The optional token-efficient profile gives agents a model division rule:
- Use
cheapmodels for bounded reads, small edits, drafts, repetitive checks, and mechanical cleanup. - Use
standardmodels for moderate implementation work. - Use
strongmodels for planning, architecture review, risk judgment, failure review, and acceptance disputes.
The goal is not fewer tokens at any cost. The goal is more acceptable work per unit of model cost.
Read more in Token-Efficient AI Execution Protocol v0.1.
Agent Execution Template is intentionally tool-neutral. Any agent that can read project files and follow instructions can use it.
Common pairings:
- Codex
- Claude Code
- Cursor
- Aider
- custom coding agents
- low-cost model runners for bounded execution
- Developers who run AI coding agents across many repositories.
- Teams that want repeatable AI execution without adopting a full agent platform.
- Projects where task boundaries, verification, and audit trails matter.
- Workflows that use cheap models by default and escalate only for judgment.
- Repositories that need AI context to live in files, not only in chat history.
- Users who want AI to draft the critical context files while humans confirm the final boundary.
Agent Execution Template is not:
- an IDE,
- an agent platform,
- a multi-agent scheduler,
- a cloud service,
- a prompt collection,
- a replacement for Codex, Claude Code, Cursor, or Aider.
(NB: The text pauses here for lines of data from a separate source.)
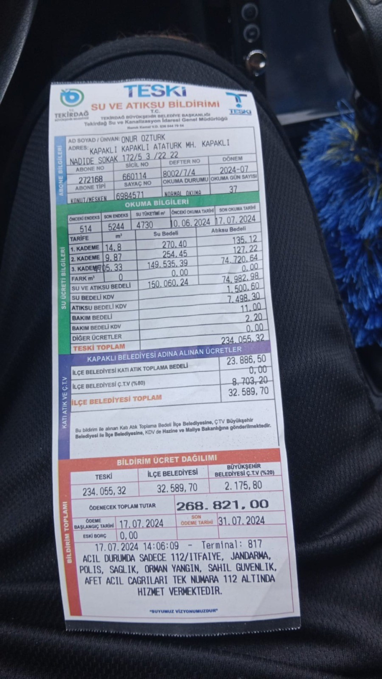 Faturada yazan rakamı görür görmez Tekirdağ Büyükşehir Belediyesi Su ve Kanalizasyon İdaresi'ni (TESKİ) arayan Onur Öztürk, “Su faturalarının yazıldığını görünce bize bu ay kaç lira fatura gelmiş diye faturamı almaya gittim. İncelemek için eve çıktığımda ilk olarak 268 lira olduğunu düşündüm fakat biraz daha incelediğim zaman 268 bin lira fatura geldiğini gördüm" diye konuştu.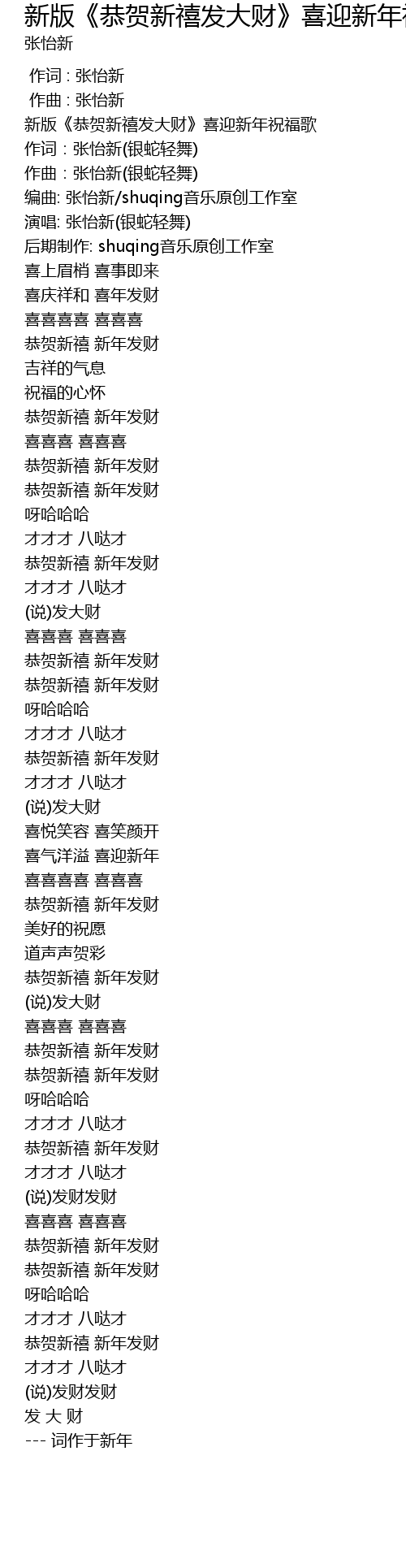 | [00:00.696] | 新版《恭贺新禧发大财》喜迎新年祝福歌 |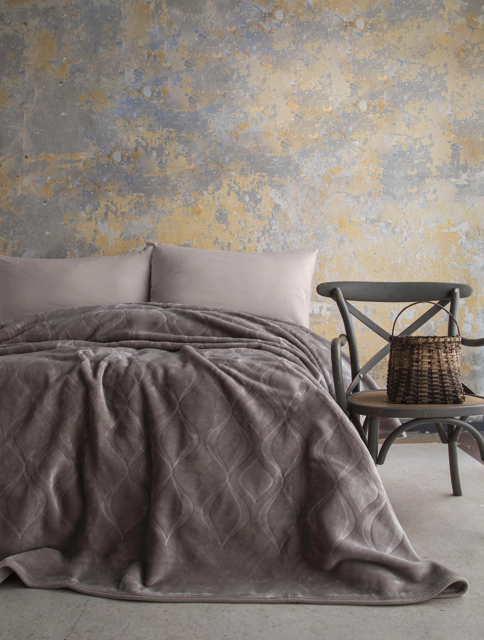 Çift Kişilik Mercy Vizon Embos Desen Battaniye Vizon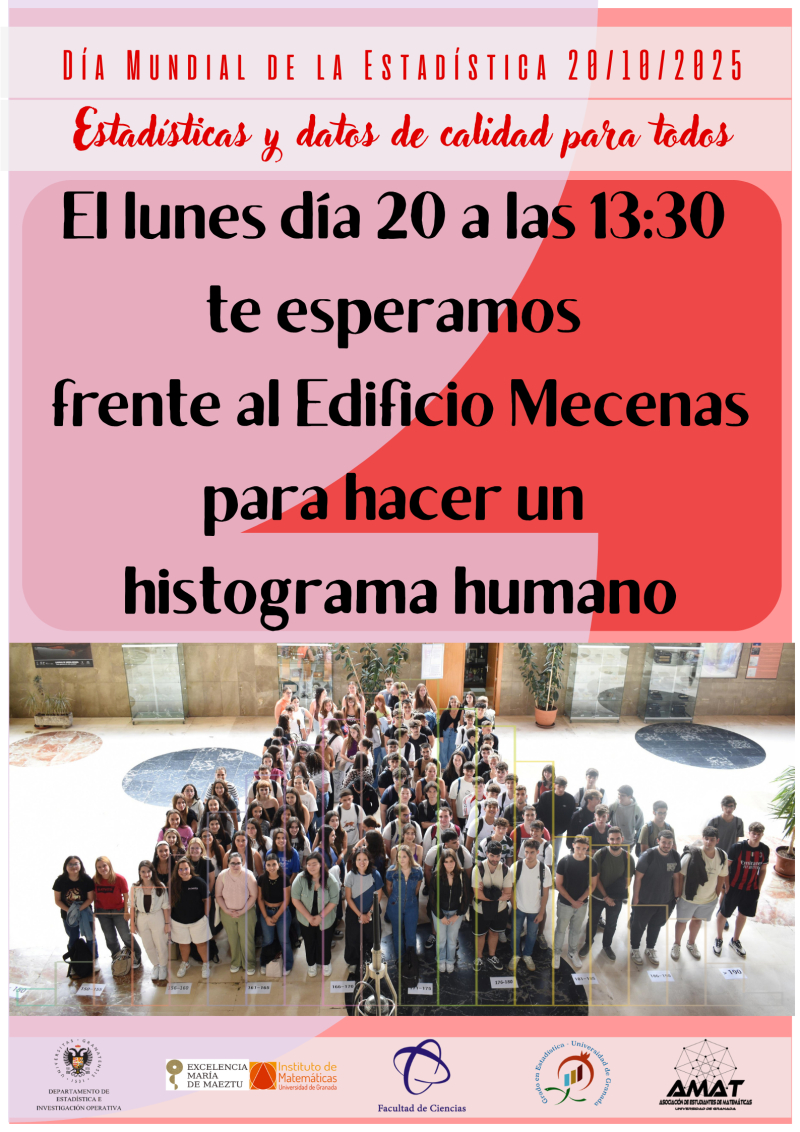 El día 20 de octubre de 2025 se celebra el Día Mundial de la Estadística, conmemoración propuesta por la ONU y que ocurre cada 5 años. Este año el lema es "Estadísticas y Datos de Calidad para Todos". Las Comisiones Docentes del Grado en Estadística y del Grado en Matemáticas, el Departamento de Estadística e I.O., la Facultad de Ciencias, el Instituto de Matemáticas IMAG, junto con la asociación de Estudiantes de Matemáticas y Estadística AMAT, han organizado una jornada de actividades para celebrar este día poniendo en valor la necesidad de la cultura estadística en la sociedad y la información a través de los datos como fuente de conocimiento y avance de la sociedad.

It is a small file protocol for making those tools behave more consistently inside real software projects.
Current package:
Package: @wnlen/agent-execution-template
Protocol: v0.8
License: MIT
Run the self-test:
npm testRun the release consistency check:
npm run check:releaseThe test suite verifies the core CLI contract:
initcreates the expected protocol and project files.updatedoes not overwriteai/project/**.doctorreports missing and empty required files correctly.check:releaseverifies versions, template shape, installed protocol state, and the spec's package version.
When maintaining this npm package source checkout, test the local CLI with
node bin/agent-execution-template.js <command>. Use
npx -y @wnlen/agent-execution-template <command> in user projects only.
Maintainer-local ai/project/** bootstrap content should not be committed as
product changes.
Issues and pull requests are welcome.
Good contributions usually improve one of these areas:
- clearer task contracts,
- safer project/template boundaries,
- better result schemas,
- better metrics for model cost and verification,
- stronger examples for real coding-agent workflows,
- sharper documentation for team adoption.